Ram Kumar explained in plain terms that he would return Karthik’s pen only if his own pen is returned. Sweet! One pen, two kids, and one problem. I personally thought that the problem is homework. If there is no homework there would be no problem. I got a pen from the storeroom and gave it to Karthik and told him that I will record this transaction in his account and collect the money from his parents. If I gave away that pen for free, news would spread around the campus that I was distributing free pens and there are indeed multiple ways to get a free pen.

They both left somewhat disgruntled. They have to settle down again to do their homework! I understood a little later that these two little rascals were siblings from the same family!

One day, as I was entering the campus, I was informed that Ram Kumar and Karthik left the school for their village. Their mother passed away at a very young age of 35 after losing a long battle against cancer. They were in the school hostel mainly because their mother was unable to take care of these two kids. Karthik was 13 and Ram Kumar 12 and they both were in 8th standard.

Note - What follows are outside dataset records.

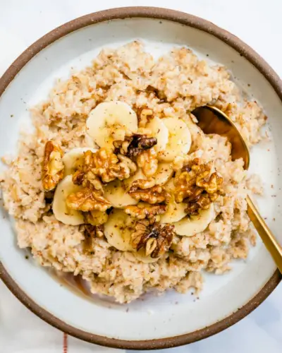 Essayez ce gruau crémeux à la banane ! L'ajout de banane à vos flocons d'avoine du matin ajoute un peu de douceur naturelle et une texture crémeuse. Ici, il est contrebalancé par des épices chaudes et de la vanille pour créer une ambiance chaleureuse et petit déjeuner facile . Nous cherchons toujours des moyens de varier notre consommation quotidienne de flocons d’avoine. Celle-ci est une variante amusante, parfaite pour s’intégrer dans la rotation !
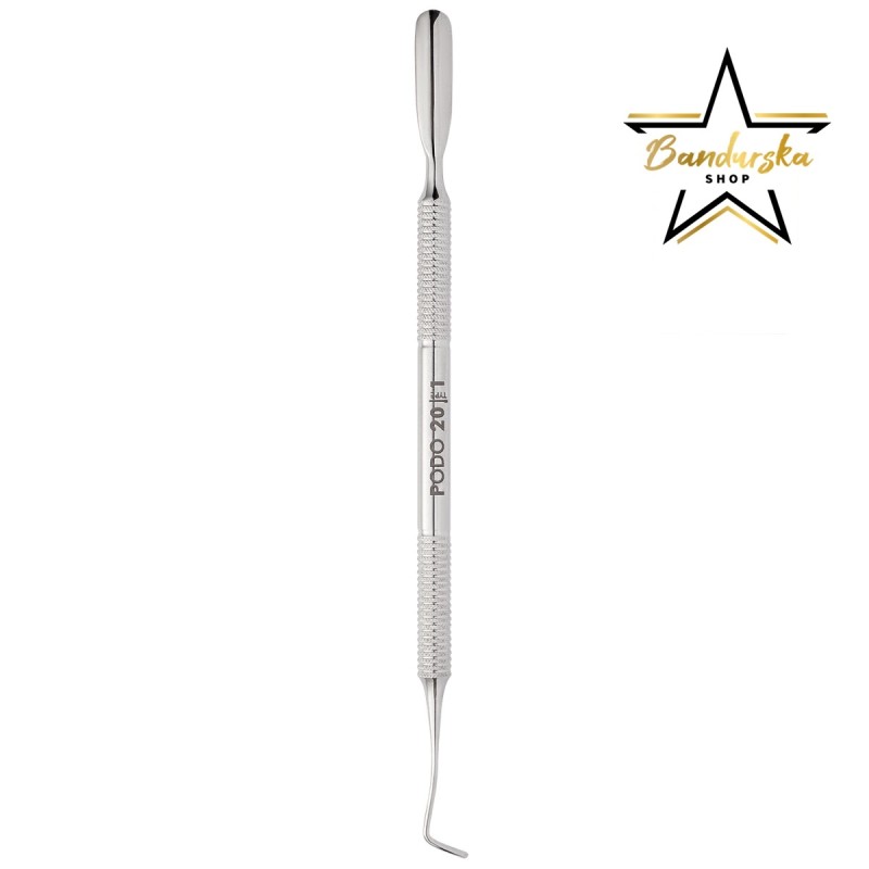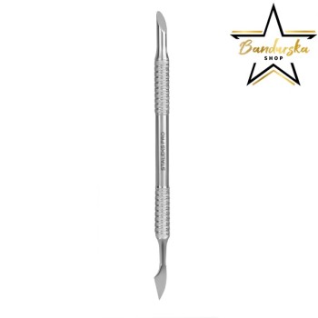 Zaokrąglony popychacz delikatnie czyści płytkę paznokcia, nie powodując podrażnień. Precyzyjna kiretka umożliwia usunięcie cienkiej błony pterygium, martwego naskórka spod paznokcia i oczyszczenie przestrzeni między płytką a łożyskiem.
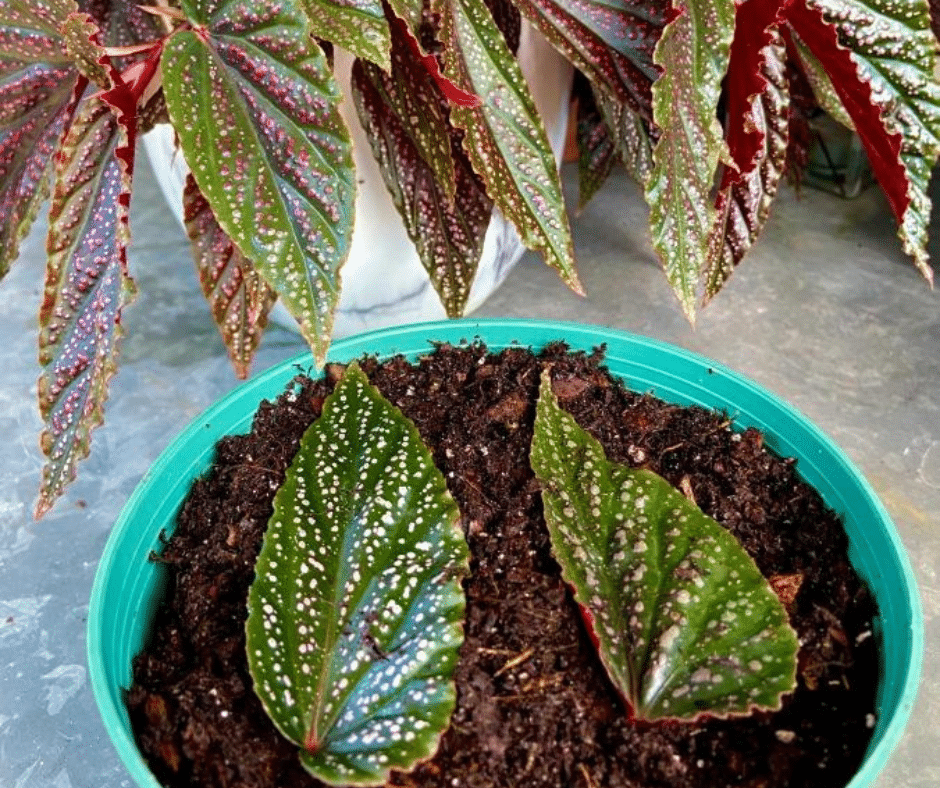 Take a healthy leaf and cut it into sections, making sure each piece includes a vein. Lay the pieces flat on moist soil with the veins facing down and press them lightly into the surface.
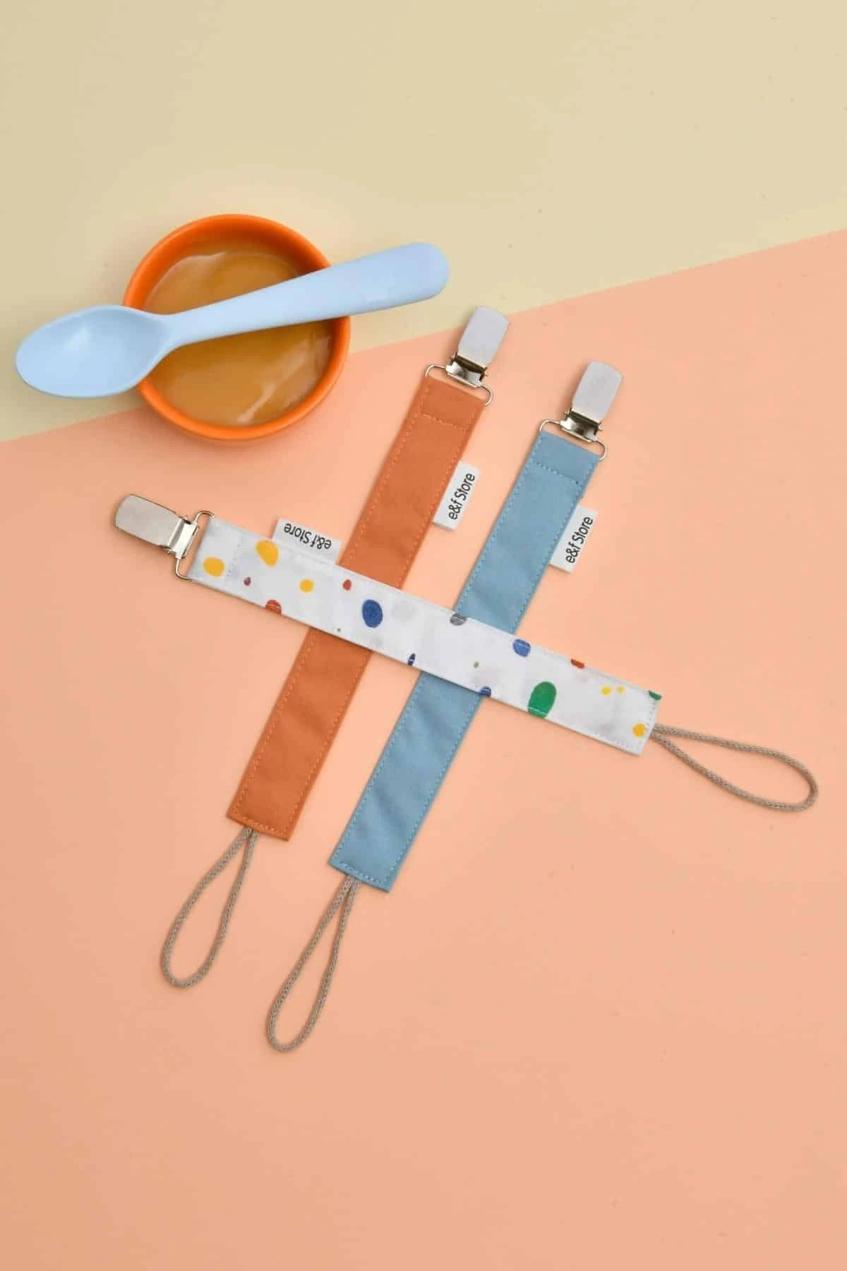 Yerli üretimdir ve El Yapımıdır. %100 Pamuk Poplin Kumaş, %100 Pamuk İp ve Nikel Kaplı Metal Kullanılmıştır. Oldukça Pratik Olan Emzik Askısını Tüm Kıyafetlere Kolayca Takabilirsiniz. Kopmaya Dayanıklıdır. Elde Yıkamaya Uygundur. Boyutları: 2,5 cm*27 cm 3 Adet Olarak Gönderilmektedir. Bebek Hediyesi Paketinin İçeriği:1 Adet Somon, 1 Adet Petrol Mavisi, 1 Adet Sulu Boya Desenli UYARI: Küçük Parçalar İçerdiği İçin Yetişkin Gözetiminde Kullanılmalıdır.
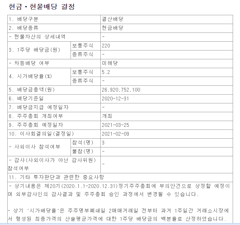2020년 배당금은 주당 220원 입니다. 작년 배당금인 182원보다 20.9% 증가했습니다.
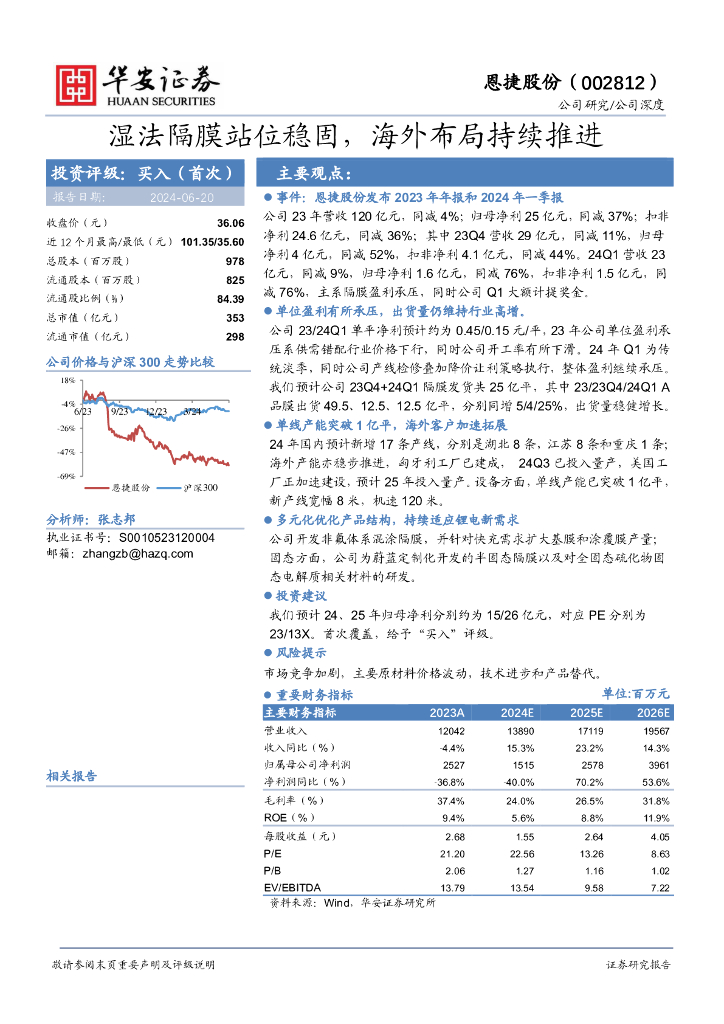 华安证券:恩捷股份(002812)-湿法隔膜站位稳固,海外布局持续推进.pdf
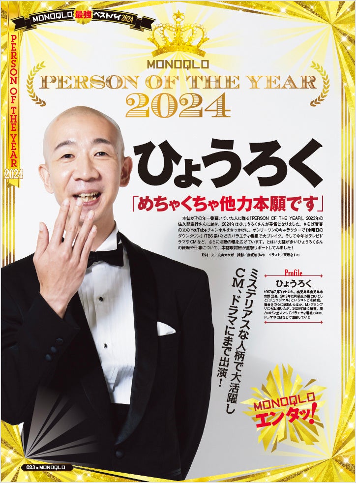 1月号の特集はほかにも、「10大ヒット辛口採点簿」や、「MONOQLOグルメ大賞2024」「メンズビューティー・オブ・ザ・イヤー」「カプセルトイ116製品本音格付け」など、盛りだくさん! ぜひ1月号をチェックしてみてください。
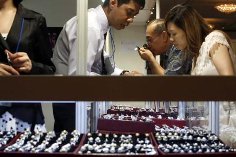 Pengunjung memilih perhiasan yang di tawarkan pada pameran perhiasan “Jakarta International Jewellry Fair 2010” di Jakarta Convention Centre, Kamis, 3 Juni 2010. Pameran yang berlangsung hingga tanggal 6 Juni 2010 mendatang tersebut diramaikan oleh sejumlah penjual perhiasan berskala nasional dari Singapura, Malaysia, Hongkong, Thailand, Cina dan India. == JP/ J. Adiguna
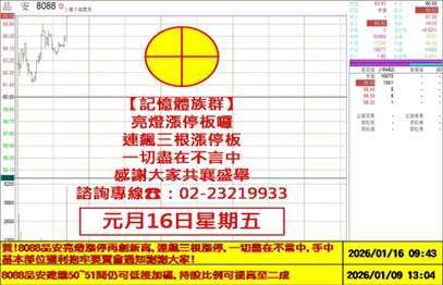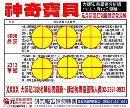 第一、隨著 AI 浪潮引動記憶體及被動元件等缺貨漲價題材股持續延燒不變,因此,繼【華邦電 (2344-TW)】不到二個月財富翻倍大賺後,接著 12/5 日 65.5 元鎖定的【凌航 (3135-TW)】不到二個月也超過 8 成,12/22 日 1150 元鎖定的【群聯 (8299-TW)】不到一個月也超過 6 成,還有 1/9 日 51 元鎖定的【品安 (8088-TW)】,送給大家的神奇寶貝,立馬現賺三根漲停板,一切都敢講在前面,相信大家都有目共賭!
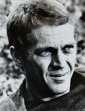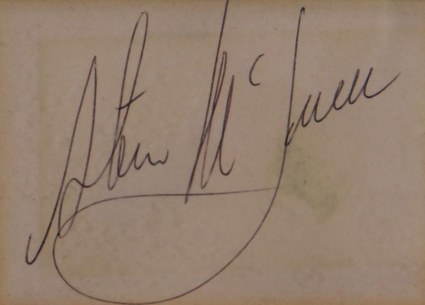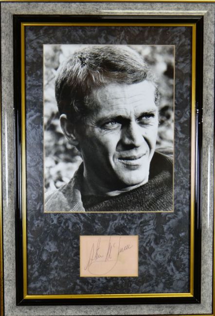 STEVE MCQUEEN AUTOGRAPH on autograph book page enclosed with a photographic print of the actor, framed, 25 x 19cms
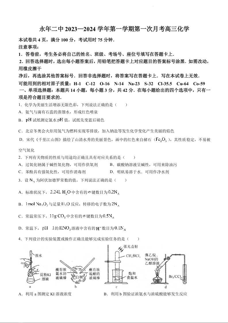 河北省邯郸市永年区第二中学2024届高三上学期10月月考化学+答案
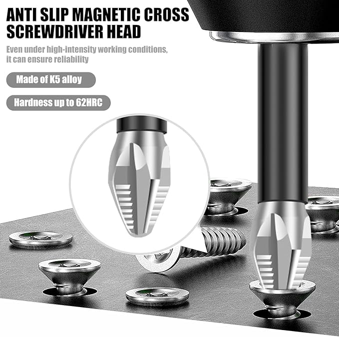 Details: High Magnetic Screwdriver Drill Bit Set, K5 Impact Resistant Non Slip Bit, Anti-Slip Magnetic Electric Screwdriver Set, 25 50 65 70 90 150mm (12Pcs) Our high-magnetic screwdriver drill bit set is engineered to handle high-speed torque applications, distributing pressure evenly and enhancing durability. This ensures strong magnetic durability
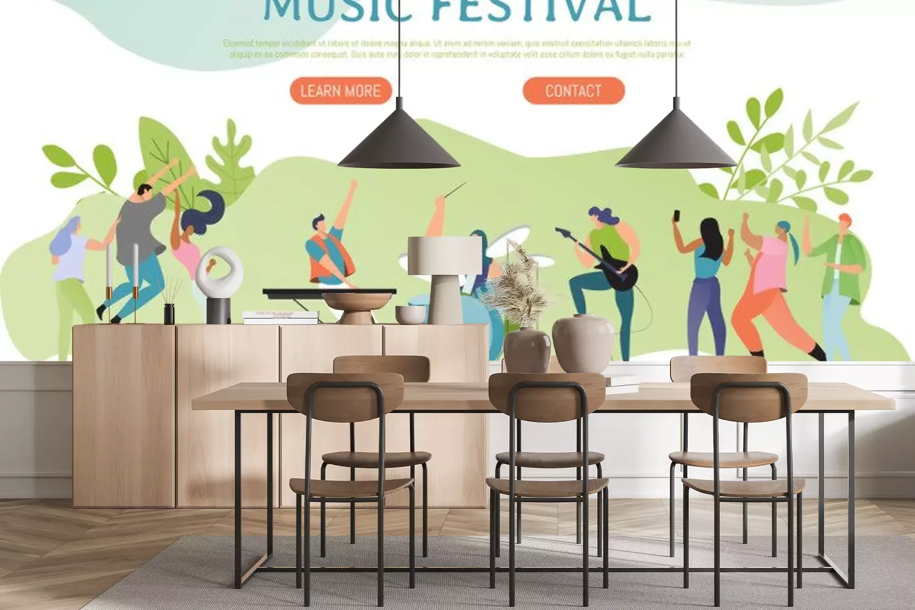 Sticker  Music festival poster, people on concert, rock band website concept, vector illustration. Men and women cartoon characters in flat style playing musical instruments, drums, guitar and piano keyboard
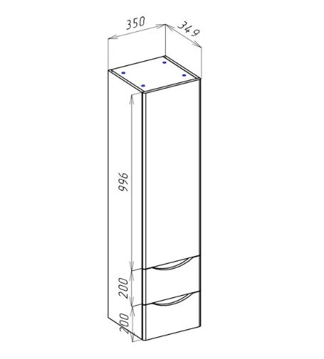 Санриса-35 пенал подвесной с 2 ящ. серебро (ПВХ) лев./прав.

After a couple of weeks they both returned to the school. Ram Kumar was able to reconcile to the fact that his mother is gone forever and is in the safe hands of the Almighty. Karthik was unable to come to terms. I met both of them early in the morning before the school started. Karthik looked very emaciated and I was told that he was not eating food for the last few days. His grandparents and his dad tried their best to make him eat but in vain. He would eat just a little bit and leave the place in tears. They thought that the boy would be alright once he goes back to the school hostel and mingles with his friends. They were wrong. On the night he arrived he did not touch a morsel. On day two he did not have his milk and refused to have his breakfast. The moment the food is offered he would cry until it hurt him. His friends and some of the teachers tried to force feed him and it did not work. During the lunch time the scene repeated. The boy was not going to touch the food. The situation was getting out of control and something had to be done.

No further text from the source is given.